Several prognostic algorithms were specifically or nonspecifically used for papillary renal cell carcinoma (PRCC). No consensus was reached upon their efficacy of discrimination. We aim to compare the stratifying ability of current models or systems in predicting the risk of recurrence of PRCC. A PRCC cohort consisting of 308 patients from our institution and 279 patients from The Cancer Genome Atlas (TCGA) was generated. With ISUP grade, TNM classification, UCLA Integrated Staging System (UISS), STAGE, SIZE, GRADE AND NECROSIS (SSIGN), Leibovich model and VENUSS system, recurrence-free survival (RFS), disease-specific survival (DSS) and overall survival (OS) were studied using Kaplan-Meier method and concordance index (c-index) was compared.
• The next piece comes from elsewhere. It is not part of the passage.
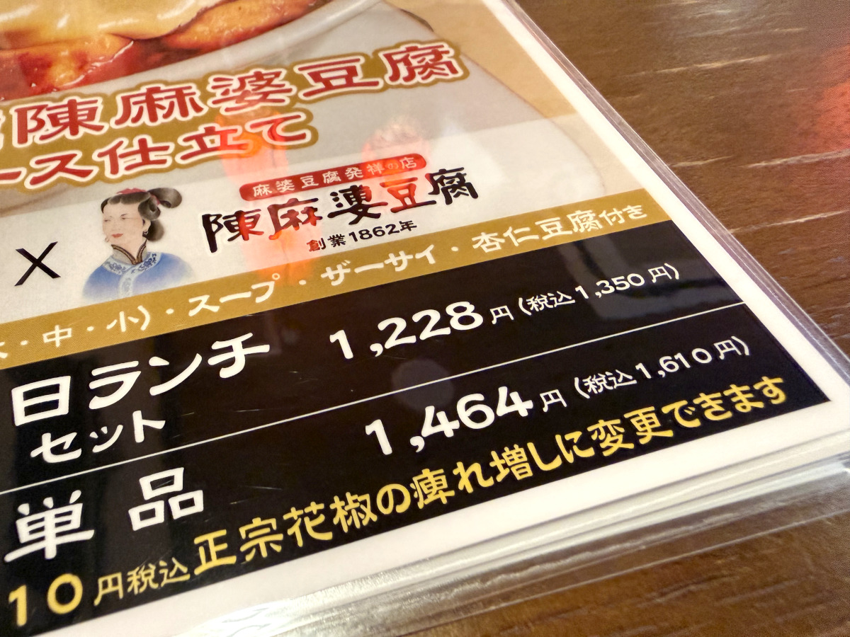 というわけで、最寄りの陳麻婆豆腐で『牡蠣陳麻婆豆腐 牡蠣ソース仕立て』をオーダー。価格は平日のランチセットが1350円で、単品だと1610円。なので可能ならば平日のランチタイムが俄然お得だ。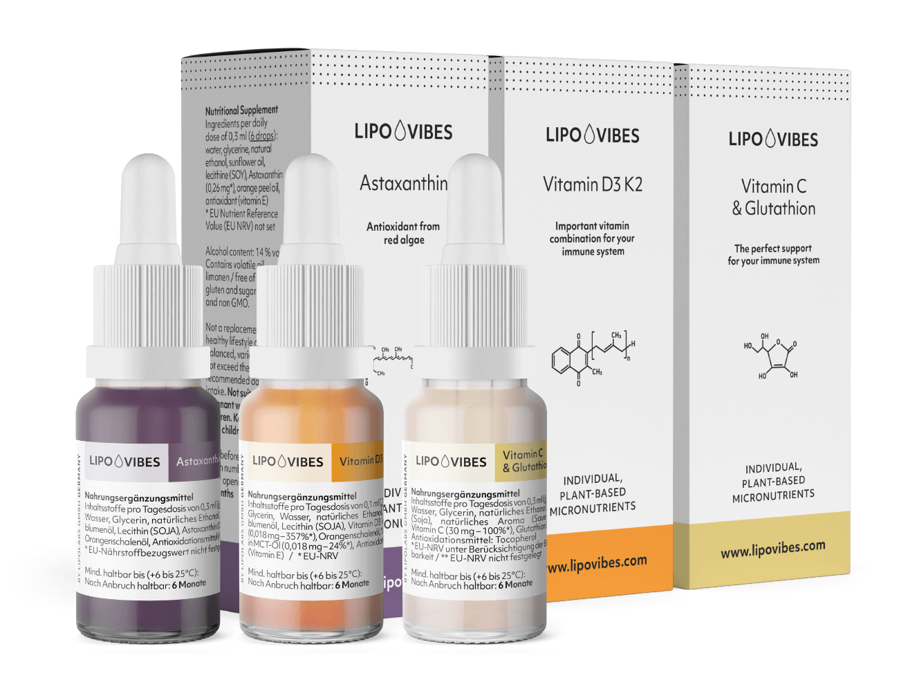 The combination of LipoVibes™ Astaxanthin, Vitamin D3 K2 and Vitamin C + Glutathione works synergistically on the immune system and cellular health by supporting and improving various mechanisms of the body. Here are the specific synergistic effects of these three supplements:

Differences between risk groups in gene mutation and infiltration of inhibitory immune cells were studied with TCGA database. All the algorithms were able to stratify patients in RFS as well as DSS and OS (all P < 0.001). VENUSS score and risk group generally had the highest and balanced c-index (0.815 and 0.797 for RFS). ISUP grade, TNM stage and Leibovich model had the lowest c-indexes in all analysis. Among the 25 most frequently mutated genes in PRCC, eight had different mutation frequency between VENUSS low- and intermediate-/high-risk patients and mutated KMT2D and PBRM1 resulted in worsened RFS (P = 0.053 and P = 0.007). Increased Treg cells in tumors of intermediate-/high- risk patients were also identified. VENUSS system showed better predictive accuracy in RFS, DSS and OS compared with SSIGN, UISS and Leibovich risk models. VENUSS intermediate-/high-risk patients had increased frequency of mutation in KMT2D and PBRM1 and increased infiltration of Treg cells.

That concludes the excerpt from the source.